To copy files from the image deploy directory, the files should be listed in the DEPLOYPAYLOAD as a space-separated list of entries. Each entry lists a file to be copied, and an optional destination filename can be specified by supplying it after a colon separator.

DEPLOYPAYLOAD = "example1-${MACHINE}:example1 example2"

Files that are to be included from the deploy directory will be produced by tasks that image building task must depend upon, to ensure that the files are available when they are needed, so these component deploy tasks must be added to: RPI_SDIMG_EXTRA_DEPENDS.

RPI_SDIMG_EXTRA_DEPENDS:append = " example:do_deploy"

Enable SPI bus

When using device tree kernels, set this variable to enable the SPI bus:

ENABLE_SPI_BUS = "1"

Enable I2C

When using device tree kernels, set this variable to enable I2C:

ENABLE_I2C = "1"

Furthermore, to auto-load I2C kernel modules set:

KERNEL_MODULE_AUTOLOAD:rpi += "i2c-dev i2c-bcm2708"

Enable PiTFT support

Basic support for using PiTFT screens can be enabled by adding below in local.conf:

  • MACHINE_FEATURES += "pitft"
    • This will enable SPI bus and i2c device-trees, it will also setup framebuffer for console and x server on PiTFT.

NOTE: To get this working the overlay for the PiTFT model must be build, added and specified as well (dtoverlay= in config.txt).

Below is a list of currently supported PiTFT models in meta-raspberrypi, the modelname should be added as a MACHINE_FEATURES in local.conf like below:

MACHINE_FEATURES += "pitft <modelname>"

List of currently supported models:

  • pitft22
  • pitft28r
  • pitft28c
  • pitft35r

Misc. display

If you would like to use the Waveshare "C" 1024×600, 7 inch Capacitive Touch Screen LCD, HDMI interface (http://www.waveshare.com/7inch-HDMI-LCD-C.htm) Rev 2.1, please set the following in your local.conf:

WAVESHARE_1024X600_C_2_1 = "1"

Enable UART

RaspberryPi 0, 1, 2 and CM will have UART console enabled by default.

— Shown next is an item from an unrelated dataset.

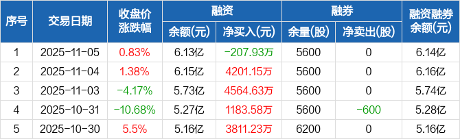 鼎泰高科:融资净偿还207.93万元,融资余额6.13亿元(11-05)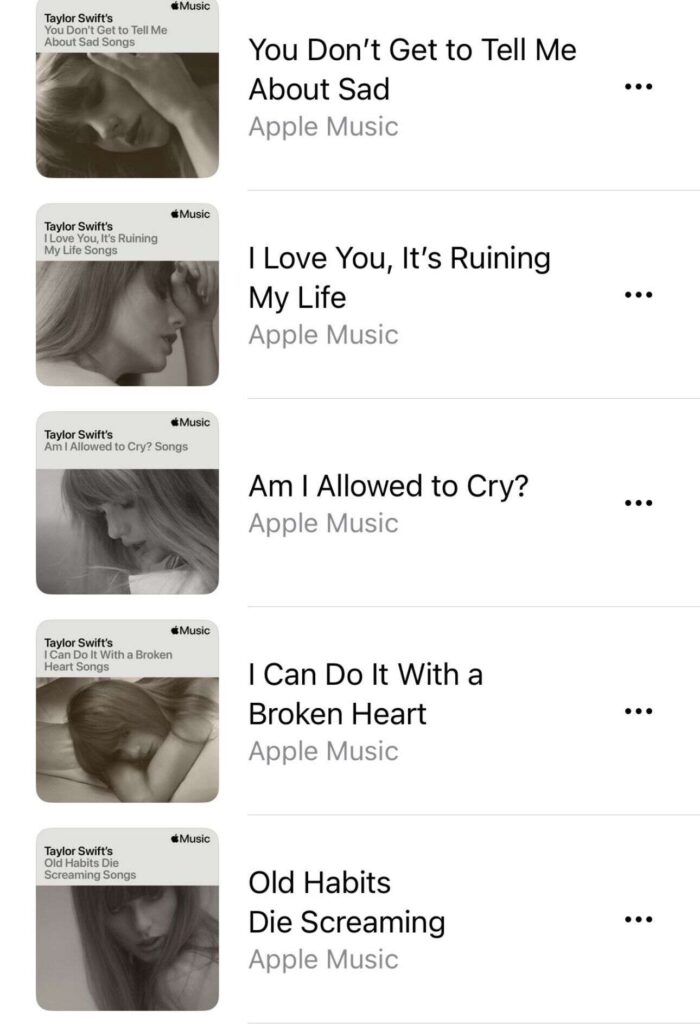 Cada una de estas listas la nombró usando frases del nuevo álbum. Como puedes observar, las cinco listas creadas y sus títulos respetan la quintaesencia del duelo.

RaspberryPi 0 WiFi and 3 does not have the UART enabled by default because this needs a fixed core frequency and enable_uart will set it to the minimum. Certain operations - 60fps h264 decode, high quality deinterlace - which aren't performed on the ARM may be affected, and we wouldn't want to do that to users who don't want to use the serial port. Users who want serial console support on RaspberryPi 0 Wifi or 3 will have to explicitly set in local.conf:

ENABLE_UART = "1"

Ref.:

Enable USB Peripheral (Gadget) support

The standard USB driver only supports host mode operations. Users who want to use gadget modules like g_ether should set the following in local.conf:

ENABLE_DWC2_PERIPHERAL = "1"

Enable USB host support

By default in case of the Compute Module 4 IO Board the standard USB driver that usually supports host mode operations is disabled for power saving reasons. Users who want to use the 2 USB built-in ports or the other ports provided via the header extension should set the following in local.conf:

ENABLE_DWC2_HOST = "1"

Set CPUs to be isolated from the standard Linux scheduler

By default Linux will use all available CPUs for scheduling tasks. For real time purposes there can be an advantage to isolating one or more CPUs from the standard scheduler. It should be noted that CPU 0 is special, it is the only CPU available during the early stages of the boot process and cannot be isolated.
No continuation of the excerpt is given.